(Recorded information)
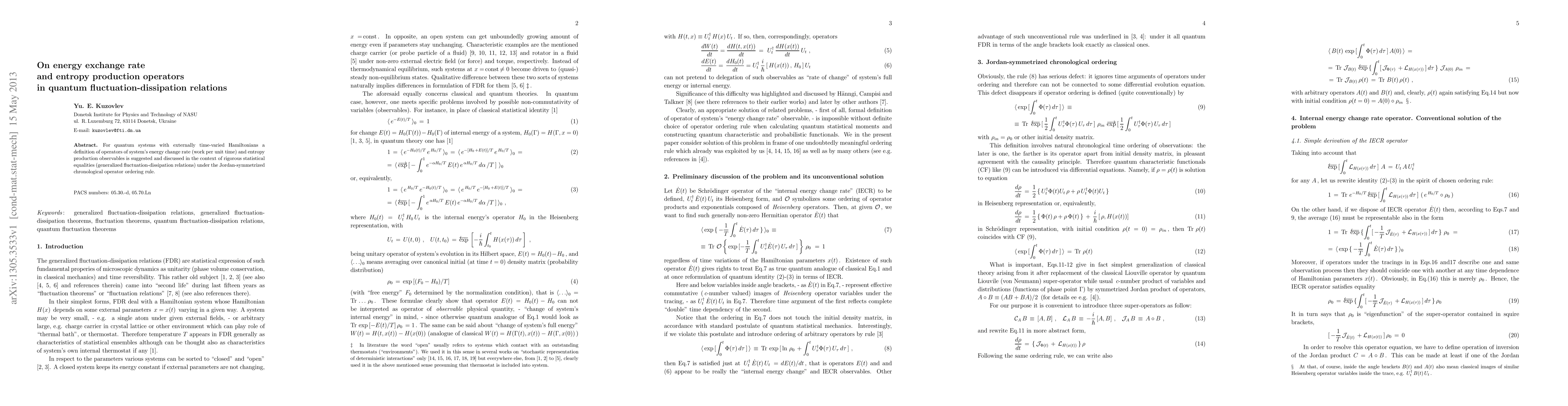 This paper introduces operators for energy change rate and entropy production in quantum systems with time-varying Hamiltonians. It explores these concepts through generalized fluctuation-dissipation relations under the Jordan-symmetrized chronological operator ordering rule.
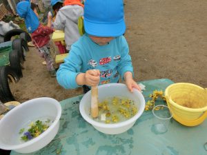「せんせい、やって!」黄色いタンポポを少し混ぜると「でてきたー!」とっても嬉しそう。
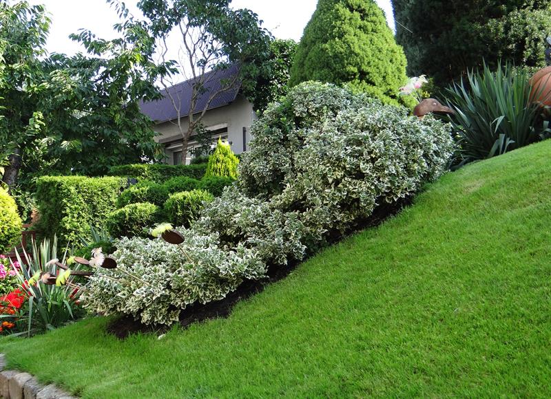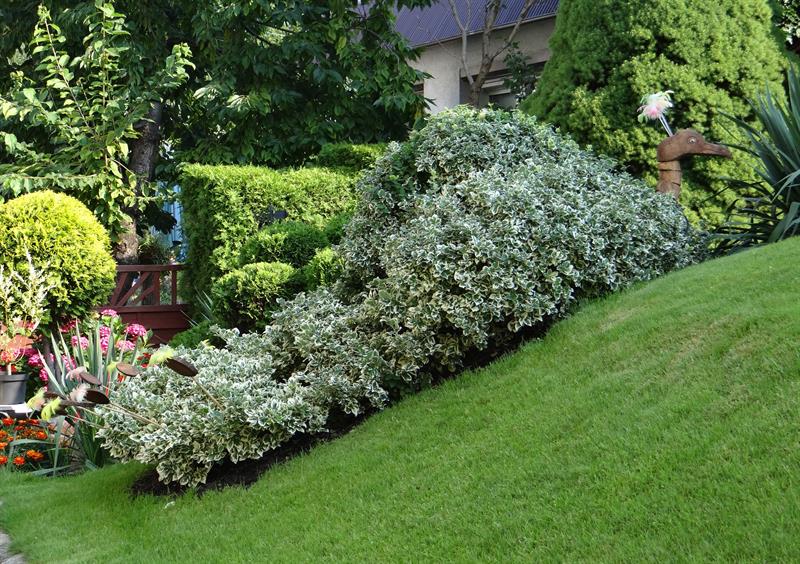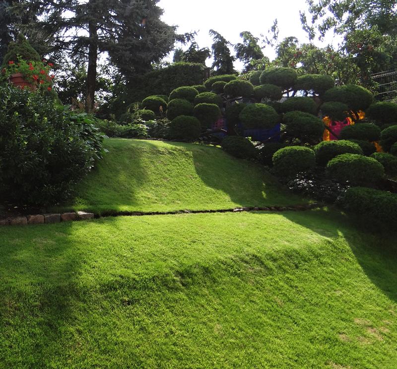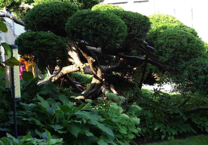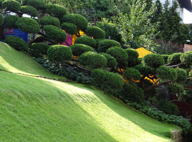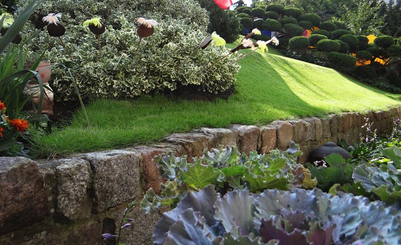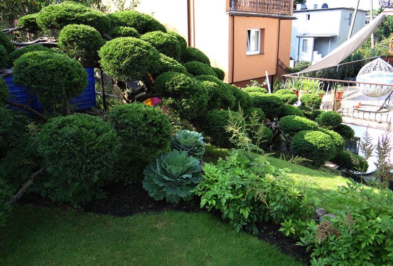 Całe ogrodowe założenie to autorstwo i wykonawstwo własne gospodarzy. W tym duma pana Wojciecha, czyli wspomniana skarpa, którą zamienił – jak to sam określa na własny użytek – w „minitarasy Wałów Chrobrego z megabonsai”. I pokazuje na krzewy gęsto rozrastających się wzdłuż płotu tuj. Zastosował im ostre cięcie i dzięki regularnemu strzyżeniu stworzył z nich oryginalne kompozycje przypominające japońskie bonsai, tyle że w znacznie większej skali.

(What to produce) Transcribe all the material exactly; skip every image.

(Written solution)
 This paper introduces operators for energy change rate and entropy production in quantum systems with time-varying Hamiltonians. It explores these concepts through generalized fluctuation-dissipation relations under the Jordan-symmetrized chronological operator ordering rule.
「せんせい、やって!」黄色いタンポポを少し混ぜると「でてきたー!」とっても嬉しそう。
 Całe ogrodowe założenie to autorstwo i wykonawstwo własne gospodarzy. W tym duma pana Wojciecha, czyli wspomniana skarpa, którą zamienił – jak to sam określa na własny użytek – w „minitarasy Wałów Chrobrego z megabonsai”. I pokazuje na krzewy gęsto rozrastających się wzdłuż płotu tuj. Zastosował im ostre cięcie i dzięki regularnemu strzyżeniu stworzył z nich oryginalne kompozycje przypominające japońskie bonsai, tyle że w znacznie większej skali.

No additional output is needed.